(Data records)
------------------------

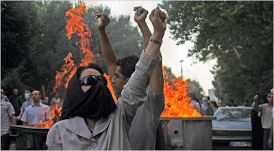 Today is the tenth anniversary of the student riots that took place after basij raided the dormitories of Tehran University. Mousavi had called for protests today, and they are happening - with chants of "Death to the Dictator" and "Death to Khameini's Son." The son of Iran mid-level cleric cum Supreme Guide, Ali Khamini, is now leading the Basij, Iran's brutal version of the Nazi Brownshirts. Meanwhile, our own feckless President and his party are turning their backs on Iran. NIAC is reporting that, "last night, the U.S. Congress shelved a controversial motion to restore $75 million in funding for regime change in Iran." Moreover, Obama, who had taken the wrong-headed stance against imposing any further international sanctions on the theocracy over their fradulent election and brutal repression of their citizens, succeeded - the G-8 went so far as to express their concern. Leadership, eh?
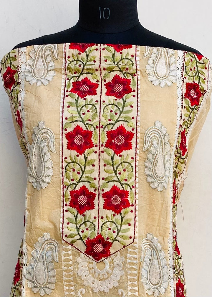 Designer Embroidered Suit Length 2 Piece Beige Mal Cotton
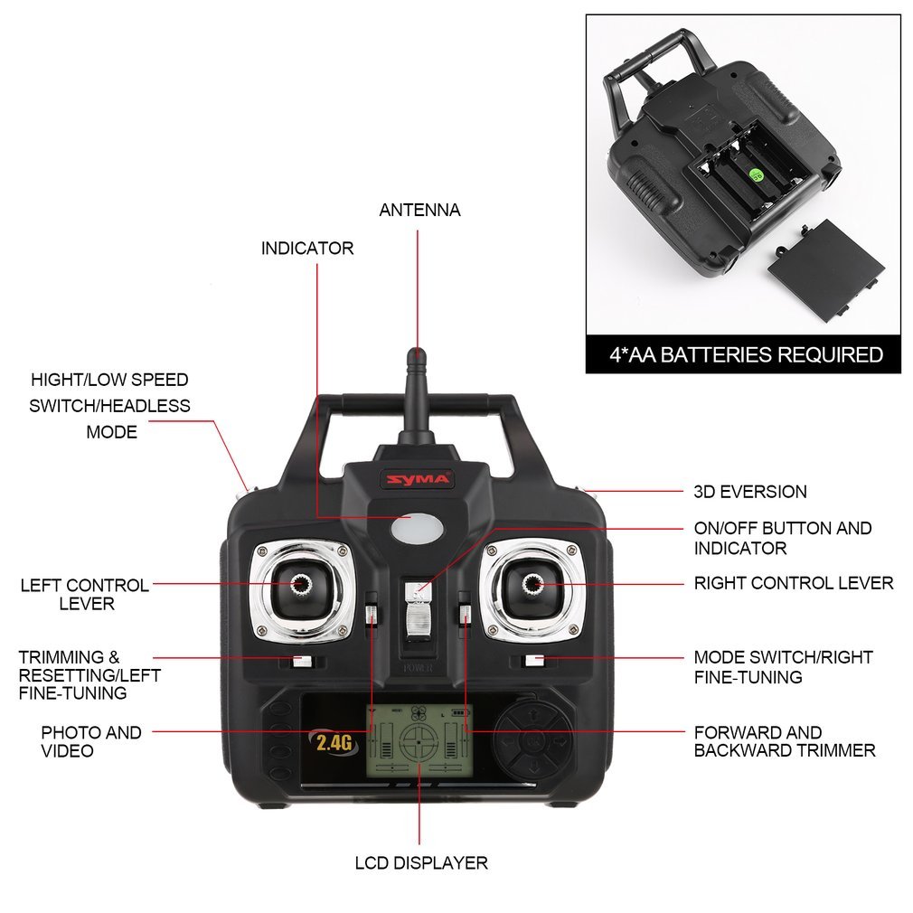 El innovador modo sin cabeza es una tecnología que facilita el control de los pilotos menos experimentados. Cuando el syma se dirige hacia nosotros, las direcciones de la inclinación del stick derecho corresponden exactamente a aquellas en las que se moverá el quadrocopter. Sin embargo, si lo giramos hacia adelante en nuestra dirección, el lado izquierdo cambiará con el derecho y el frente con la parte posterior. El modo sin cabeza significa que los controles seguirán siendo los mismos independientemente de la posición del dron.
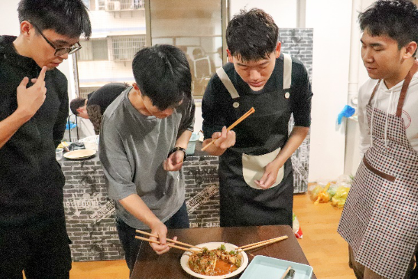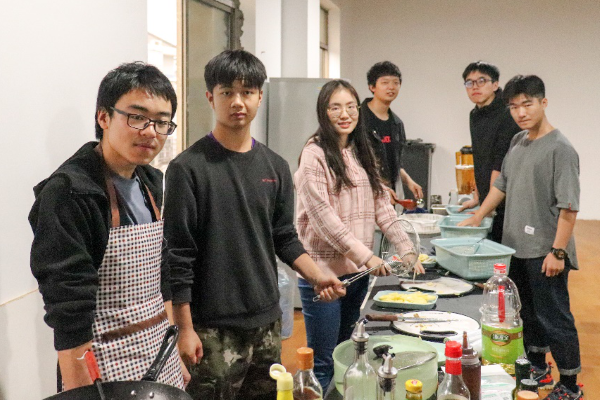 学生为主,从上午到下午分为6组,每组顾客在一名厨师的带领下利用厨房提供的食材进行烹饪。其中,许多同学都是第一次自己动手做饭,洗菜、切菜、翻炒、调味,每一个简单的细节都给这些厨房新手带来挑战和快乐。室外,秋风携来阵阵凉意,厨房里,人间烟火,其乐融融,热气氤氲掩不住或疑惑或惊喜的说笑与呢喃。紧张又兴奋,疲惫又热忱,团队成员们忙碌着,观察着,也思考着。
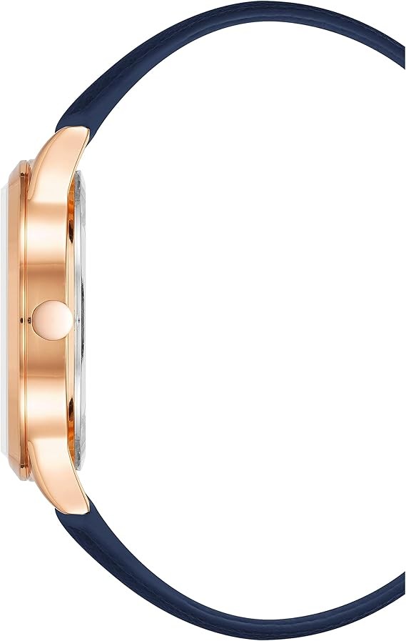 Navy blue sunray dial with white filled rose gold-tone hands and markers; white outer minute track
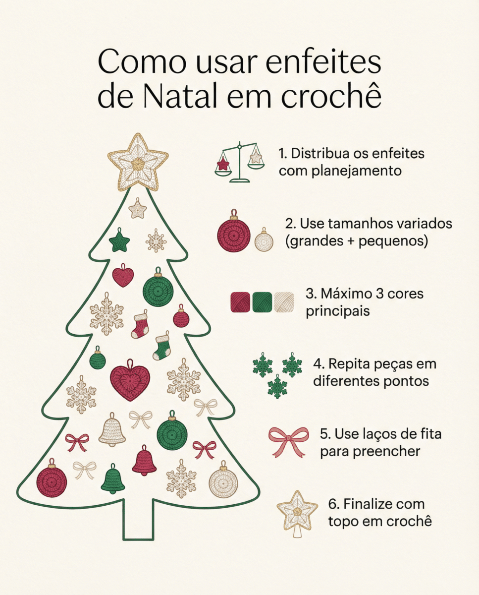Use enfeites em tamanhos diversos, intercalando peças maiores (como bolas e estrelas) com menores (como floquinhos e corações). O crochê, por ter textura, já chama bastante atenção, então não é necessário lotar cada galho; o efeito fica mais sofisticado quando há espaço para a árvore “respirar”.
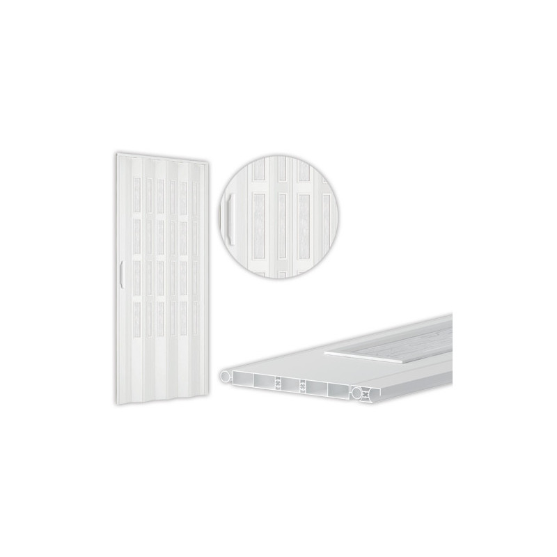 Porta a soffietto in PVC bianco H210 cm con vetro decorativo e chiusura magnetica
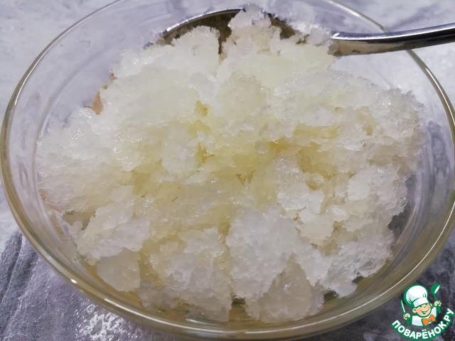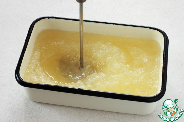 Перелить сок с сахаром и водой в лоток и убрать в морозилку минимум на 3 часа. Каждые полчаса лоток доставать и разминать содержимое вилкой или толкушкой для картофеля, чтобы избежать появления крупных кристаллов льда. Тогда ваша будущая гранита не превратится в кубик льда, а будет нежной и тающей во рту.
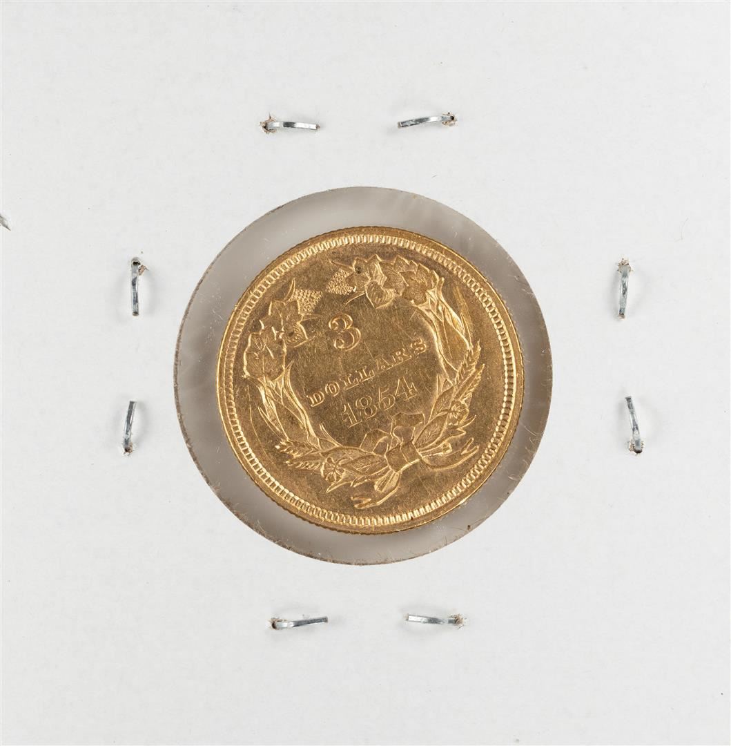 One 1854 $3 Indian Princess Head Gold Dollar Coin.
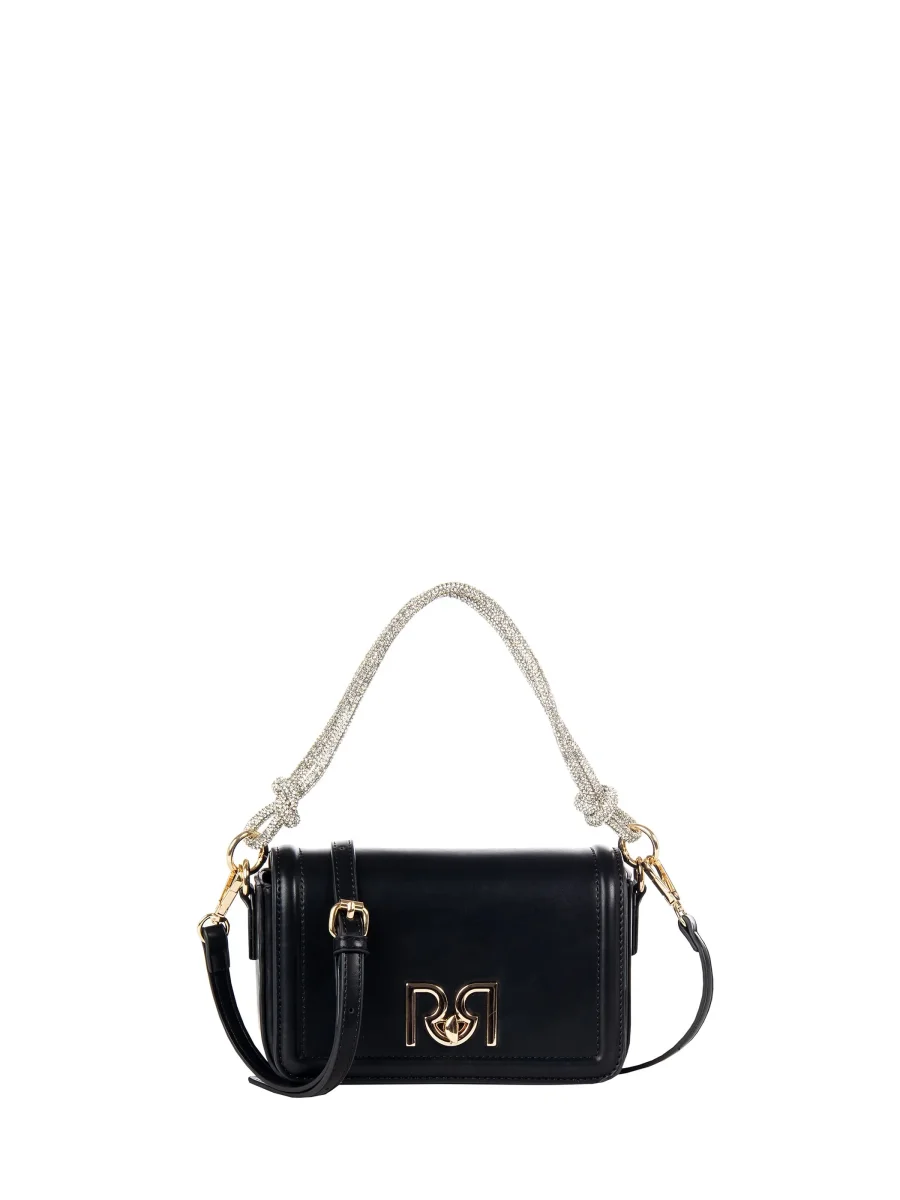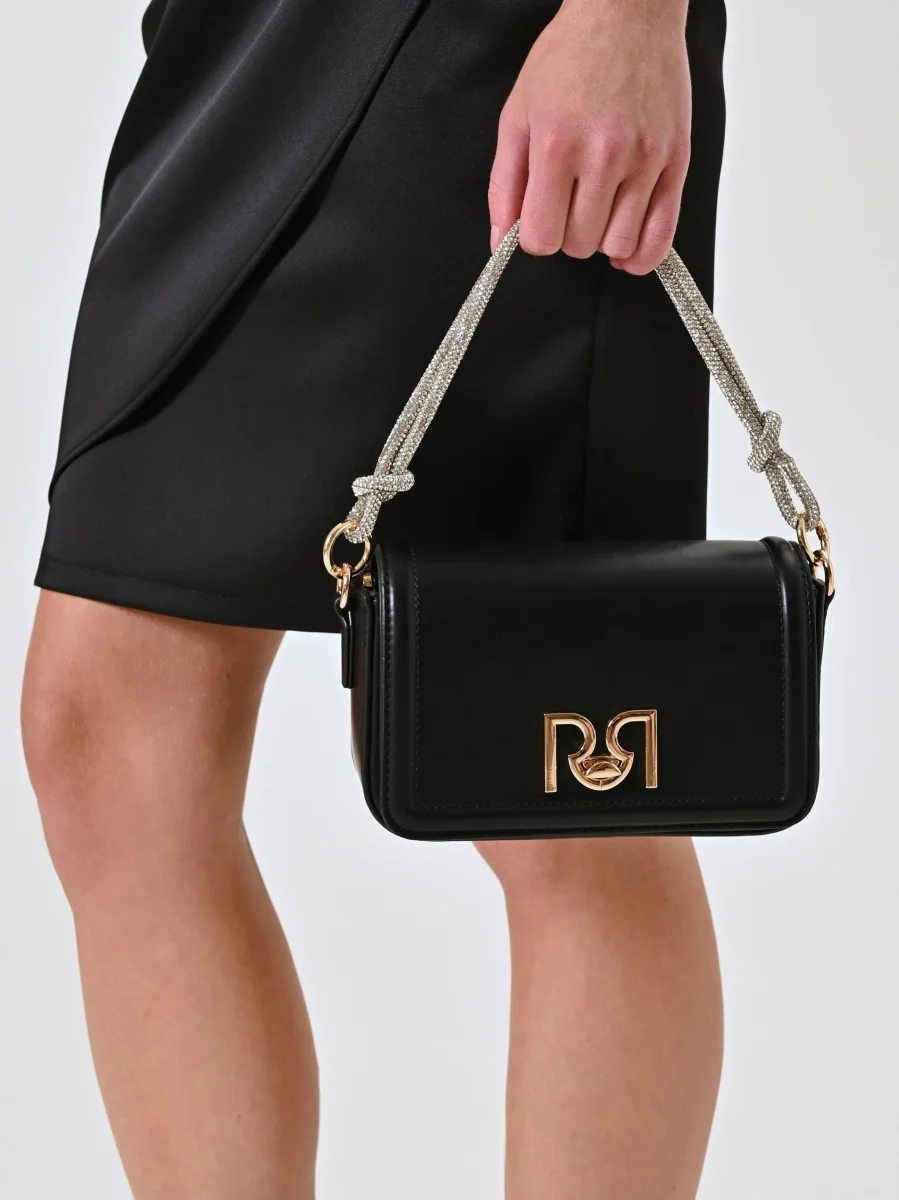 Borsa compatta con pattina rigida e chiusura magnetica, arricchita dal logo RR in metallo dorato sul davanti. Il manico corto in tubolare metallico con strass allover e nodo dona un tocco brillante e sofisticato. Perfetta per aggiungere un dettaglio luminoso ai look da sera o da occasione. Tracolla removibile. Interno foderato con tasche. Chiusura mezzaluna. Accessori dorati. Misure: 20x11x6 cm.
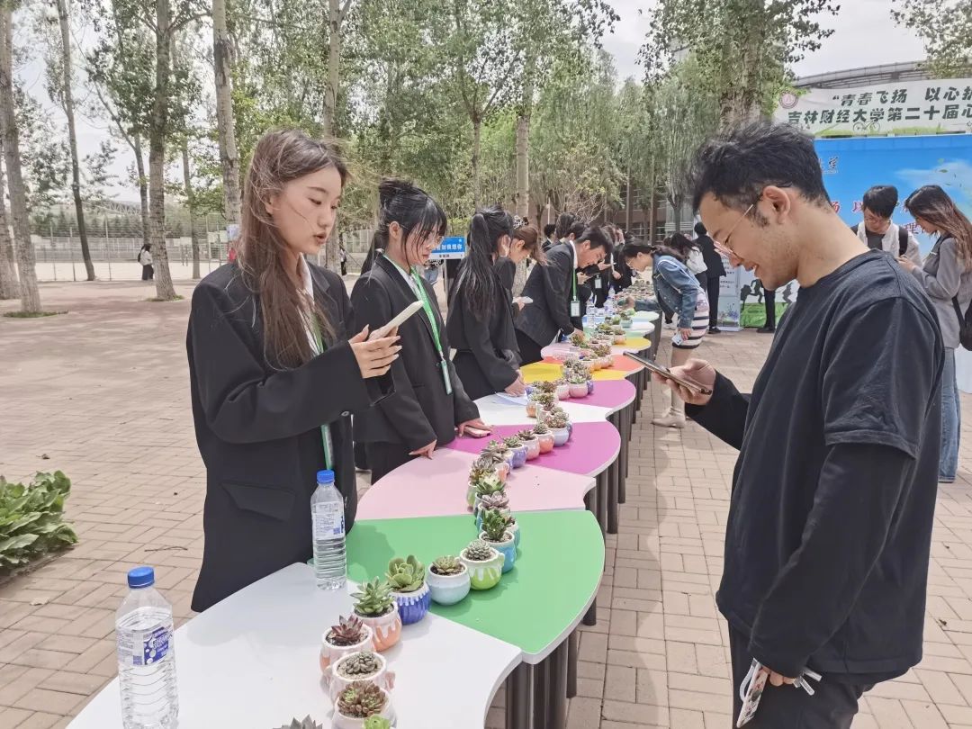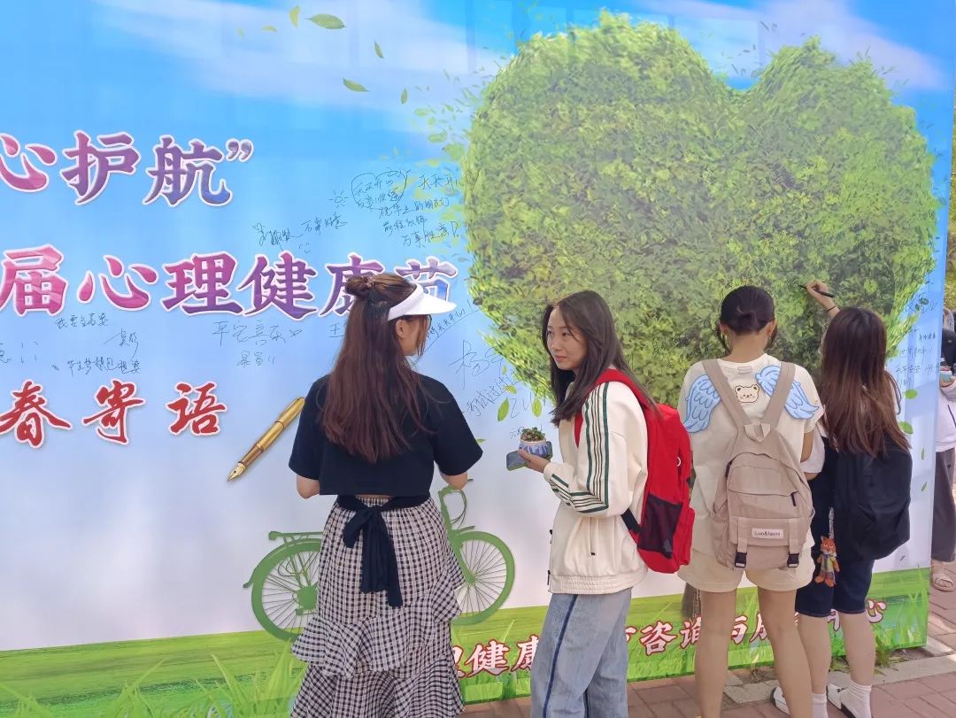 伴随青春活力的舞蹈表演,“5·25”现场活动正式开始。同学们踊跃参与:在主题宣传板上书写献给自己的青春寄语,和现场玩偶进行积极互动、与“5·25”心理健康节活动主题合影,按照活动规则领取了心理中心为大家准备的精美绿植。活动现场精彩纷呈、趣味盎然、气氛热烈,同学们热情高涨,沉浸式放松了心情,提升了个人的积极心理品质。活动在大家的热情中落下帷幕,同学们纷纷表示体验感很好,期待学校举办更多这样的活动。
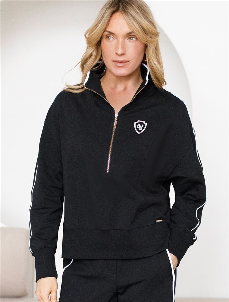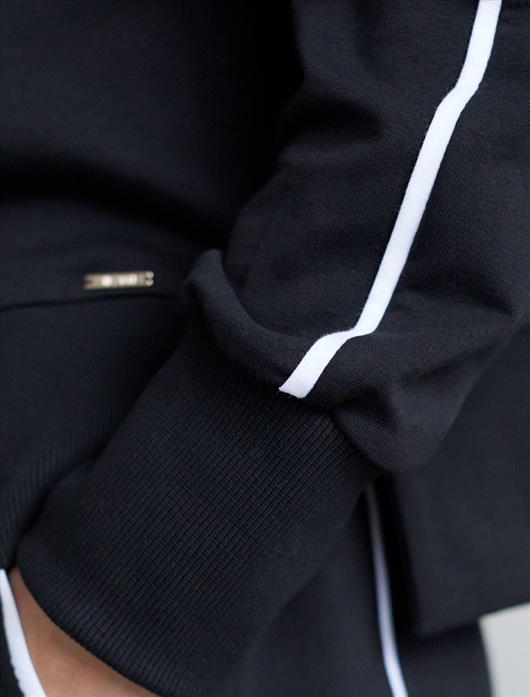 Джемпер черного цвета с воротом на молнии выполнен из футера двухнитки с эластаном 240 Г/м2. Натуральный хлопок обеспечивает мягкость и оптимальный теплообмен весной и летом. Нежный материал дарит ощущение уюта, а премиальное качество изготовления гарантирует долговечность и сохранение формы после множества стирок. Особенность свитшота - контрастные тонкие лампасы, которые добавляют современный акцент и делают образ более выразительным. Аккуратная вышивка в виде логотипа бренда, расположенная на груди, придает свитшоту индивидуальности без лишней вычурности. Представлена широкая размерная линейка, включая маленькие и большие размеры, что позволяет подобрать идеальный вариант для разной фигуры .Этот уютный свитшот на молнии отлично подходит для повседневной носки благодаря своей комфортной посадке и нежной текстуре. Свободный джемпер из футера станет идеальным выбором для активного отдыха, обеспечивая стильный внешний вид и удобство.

------------------------

▶ _Work request_
Nothing but an exact copy of the data, without its images, should make up your answer.

▶ _Result_
 Today is the tenth anniversary of the student riots that took place after basij raided the dormitories of Tehran University. Mousavi had called for protests today, and they are happening - with chants of "Death to the Dictator" and "Death to Khameini's Son." The son of Iran mid-level cleric cum Supreme Guide, Ali Khamini, is now leading the Basij, Iran's brutal version of the Nazi Brownshirts. Meanwhile, our own feckless President and his party are turning their backs on Iran. NIAC is reporting that, "last night, the U.S. Congress shelved a controversial motion to restore $75 million in funding for regime change in Iran." Moreover, Obama, who had taken the wrong-headed stance against imposing any further international sanctions on the theocracy over their fradulent election and brutal repression of their citizens, succeeded - the G-8 went so far as to express their concern. Leadership, eh?
 Designer Embroidered Suit Length 2 Piece Beige Mal Cotton
 El innovador modo sin cabeza es una tecnología que facilita el control de los pilotos menos experimentados. Cuando el syma se dirige hacia nosotros, las direcciones de la inclinación del stick derecho corresponden exactamente a aquellas en las que se moverá el quadrocopter. Sin embargo, si lo giramos hacia adelante en nuestra dirección, el lado izquierdo cambiará con el derecho y el frente con la parte posterior. El modo sin cabeza significa que los controles seguirán siendo los mismos independientemente de la posición del dron.
 学生为主,从上午到下午分为6组,每组顾客在一名厨师的带领下利用厨房提供的食材进行烹饪。其中,许多同学都是第一次自己动手做饭,洗菜、切菜、翻炒、调味,每一个简单的细节都给这些厨房新手带来挑战和快乐。室外,秋风携来阵阵凉意,厨房里,人间烟火,其乐融融,热气氤氲掩不住或疑惑或惊喜的说笑与呢喃。紧张又兴奋,疲惫又热忱,团队成员们忙碌着,观察着,也思考着。
 Navy blue sunray dial with white filled rose gold-tone hands and markers; white outer minute track
Use enfeites em tamanhos diversos, intercalando peças maiores (como bolas e estrelas) com menores (como floquinhos e corações). O crochê, por ter textura, já chama bastante atenção, então não é necessário lotar cada galho; o efeito fica mais sofisticado quando há espaço para a árvore “respirar”.
 Porta a soffietto in PVC bianco H210 cm con vetro decorativo e chiusura magnetica
 Перелить сок с сахаром и водой в лоток и убрать в морозилку минимум на 3 часа. Каждые полчаса лоток доставать и разминать содержимое вилкой или толкушкой для картофеля, чтобы избежать появления крупных кристаллов льда. Тогда ваша будущая гранита не превратится в кубик льда, а будет нежной и тающей во рту.
 One 1854 $3 Indian Princess Head Gold Dollar Coin.
 Borsa compatta con pattina rigida e chiusura magnetica, arricchita dal logo RR in metallo dorato sul davanti. Il manico corto in tubolare metallico con strass allover e nodo dona un tocco brillante e sofisticato. Perfetta per aggiungere un dettaglio luminoso ai look da sera o da occasione. Tracolla removibile. Interno foderato con tasche. Chiusura mezzaluna. Accessori dorati. Misure: 20x11x6 cm.
 伴随青春活力的舞蹈表演,“5·25”现场活动正式开始。同学们踊跃参与:在主题宣传板上书写献给自己的青春寄语,和现场玩偶进行积极互动、与“5·25”心理健康节活动主题合影,按照活动规则领取了心理中心为大家准备的精美绿植。活动现场精彩纷呈、趣味盎然、气氛热烈,同学们热情高涨,沉浸式放松了心情,提升了个人的积极心理品质。活动在大家的热情中落下帷幕,同学们纷纷表示体验感很好,期待学校举办更多这样的活动。
 Джемпер черного цвета с воротом на молнии выполнен из футера двухнитки с эластаном 240 Г/м2. Натуральный хлопок обеспечивает мягкость и оптимальный теплообмен весной и летом. Нежный материал дарит ощущение уюта, а премиальное качество изготовления гарантирует долговечность и сохранение формы после множества стирок. Особенность свитшота - контрастные тонкие лампасы, которые добавляют современный акцент и делают образ более выразительным. Аккуратная вышивка в виде логотипа бренда, расположенная на груди, придает свитшоту индивидуальности без лишней вычурности. Представлена широкая размерная линейка, включая маленькие и большие размеры, что позволяет подобрать идеальный вариант для разной фигуры .Этот уютный свитшот на молнии отлично подходит для повседневной носки благодаря своей комфортной посадке и нежной текстуре. Свободный джемпер из футера станет идеальным выбором для активного отдыха, обеспечивая стильный внешний вид и удобство.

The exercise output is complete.